「ロボコンの経験はエンジニアの就職に有利です。」

授業中、先生がそう言うたびに、僕たちは笑っていた。
「また言ってるよ」って。
でも気になって、試しにAIに聞いてみた。
GoogleのGeminiを開いて、こう打ち込んだ。
「ロボコンの経験はエンジニアの就職に有利?」
すぐに返ってきた答えはこうだった。
「非常に有利に働きます。ロボコン経験はチーム開発力、課題解決力、創造性を示す具体的な実績として評価されます。」
え、本当なんだ。
正直、驚いた。僕の中では「趣味の延長」くらいにしか思っていなかった。
それならもう少し調べてみようと思って、次の質問を投げた。
「ロボコンを通じた教育をしている西日本の大学は?」
するとAIの答えに「岡山理科大学」の文字が出てきた。
まさか、自分の大学がヒットするとは思っていなかった。
「うち、そんなに有名じゃないでしょ?」と思いながらも、半信半疑でさらに聞いた。
「この教育で評価が高い大学は?」
AIの返答はこうだった。
「岡山理科大学が特筆されています。」
え!? ほんとに?それもまさかの“特筆”。
気になってもう一度確認。
「それはどこの学科?」
「情報理工学科です。」
……完全に、僕のいる学科だった。
回路を組んだり、センサを使ってロボットを制御したり。
最初はただの工作だと思っていたけれど、チームで動くうちに「計画力」「問題解決能力」「コミュニケーション能力」など、いろんな力が自然と鍛えられていく。
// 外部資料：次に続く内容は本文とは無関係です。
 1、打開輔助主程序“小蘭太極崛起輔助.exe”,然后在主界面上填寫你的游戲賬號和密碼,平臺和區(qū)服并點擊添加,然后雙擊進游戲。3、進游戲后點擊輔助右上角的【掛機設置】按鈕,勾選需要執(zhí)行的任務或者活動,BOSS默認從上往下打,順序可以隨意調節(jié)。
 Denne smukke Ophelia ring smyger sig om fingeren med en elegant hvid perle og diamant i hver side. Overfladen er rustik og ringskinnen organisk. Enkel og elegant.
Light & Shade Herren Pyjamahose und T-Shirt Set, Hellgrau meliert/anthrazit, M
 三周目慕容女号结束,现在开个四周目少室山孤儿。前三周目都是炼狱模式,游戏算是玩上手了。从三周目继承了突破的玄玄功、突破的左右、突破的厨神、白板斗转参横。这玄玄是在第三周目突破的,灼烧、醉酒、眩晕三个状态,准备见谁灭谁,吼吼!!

去年、チームでつくったロボットがコンテストで完走したときの達成感は忘れられない。
ロボットの動きよりも嬉しかったのは、メンバーと一緒に問題を解決できた瞬間だ。
プログラムを書く人、パーツを削る人、動作を調整する人。役割はバラバラだけど皆一つのゴールに向かって動いた。
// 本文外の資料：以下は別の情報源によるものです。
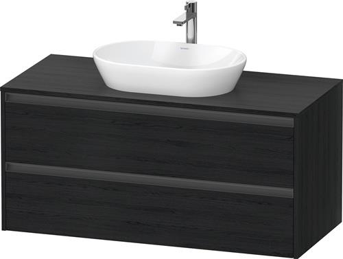 Duravit Ketho.2 Konsolenwaschtischunterbau wandhängend · 1200x550 mm · Farbe Front: Eiche (Schwarz) Matt · Farbe Korpus: Eiche (Schwarz) Matt · Farbe Griff: Anthrazit Matt · Anzahl Schubkasten: 2 · Anzahl Ausschnitte: 1 · Siphonausschnitt · Inkl. Konsolenplatte -
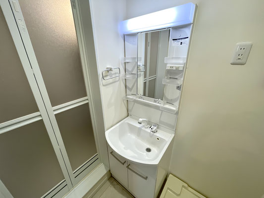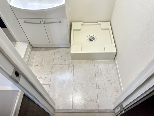 扉を開けると洗濯機置場と独立洗面台がある脱衣所があります。
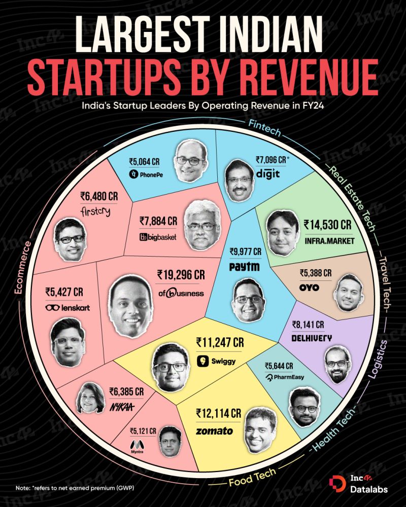 India’s Largest Startups by Revenue in FY24 – An Inspiring Growth Story! The likes of Zomato (₹12,114 Cr), Swiggy (₹11,247 Cr), and BigBasket (₹7,884 Cr) started small but have now become giants in their domains. These brands revolutionized how Indi

それをAIが「就職に有利」と言ってくれたのは、なんだか誇らしかった。
たぶん、AIは僕らの汗も徹夜も知らない。でも、その中にある“チームで作る力”をちゃんと評価してくれた気がした。
「ロボコンは失敗と問題の連続。でも、それを解決できた時の笑顔が一番の報酬だ。」
あの言葉の意味が少し分かった気がする。
AIに教えられたのは、“評価されるためのスキル”じゃなく、“学ぶことを楽しむ力”だった。
もしかすると、AIの答えは単なるデータの一部かもしれない。
でも、僕の中では確かな“再確認”になった。
「この学科でやってること、ちゃんと意味があるんだ」って。
最近は、ロボコンの後輩たちが授業後も残って、ロボットの動きを調整している。
僕も思わず手伝いたくなってしまう。
AIに言われなくても、
こうして夜遅くまで夢中になれる場所があること自体が、もう“有利”なんじゃないかと思う。
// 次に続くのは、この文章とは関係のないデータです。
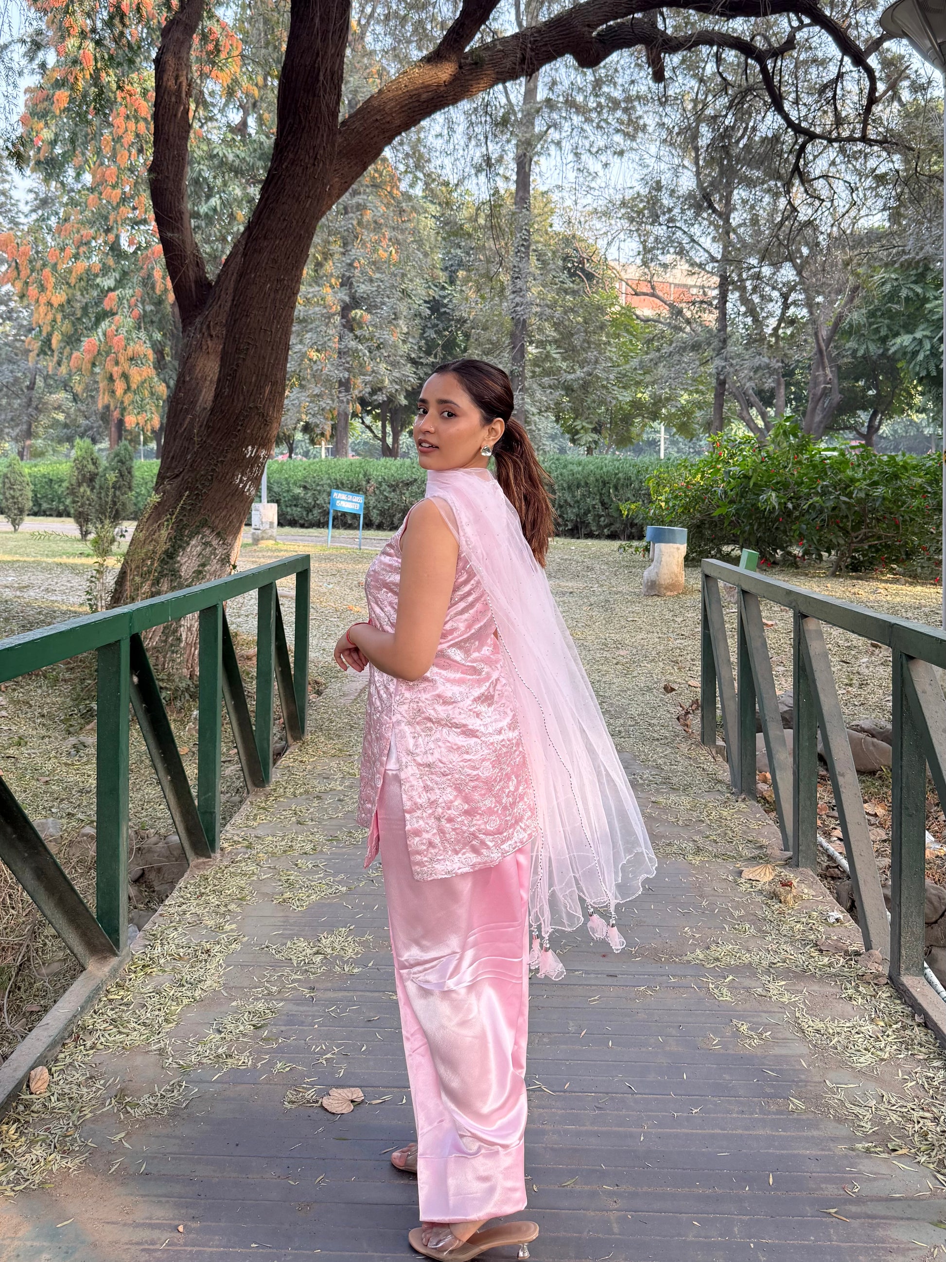 A soft and elegant Farshi Salwar set with subtle detailing and a graceful fall. Perfect for pujas, daytime celebrations, and family gatherings.

Geminiが学習したのか、僕が成長したのかは分からないけれど、確かなのは――。
ロボコンは、僕を“動かす原動力”になっているということ。
高校生にひとこと!
AIが答えをくれる時代だけど、「自分で動かしてみる」経験は、どんな技術よりも強い。ロボットを動かすたびに、自分も少しずつ動き出す。
岡山理科大学の情報理工学科は、そんな“挑戦の連鎖”が生まれる場所だ。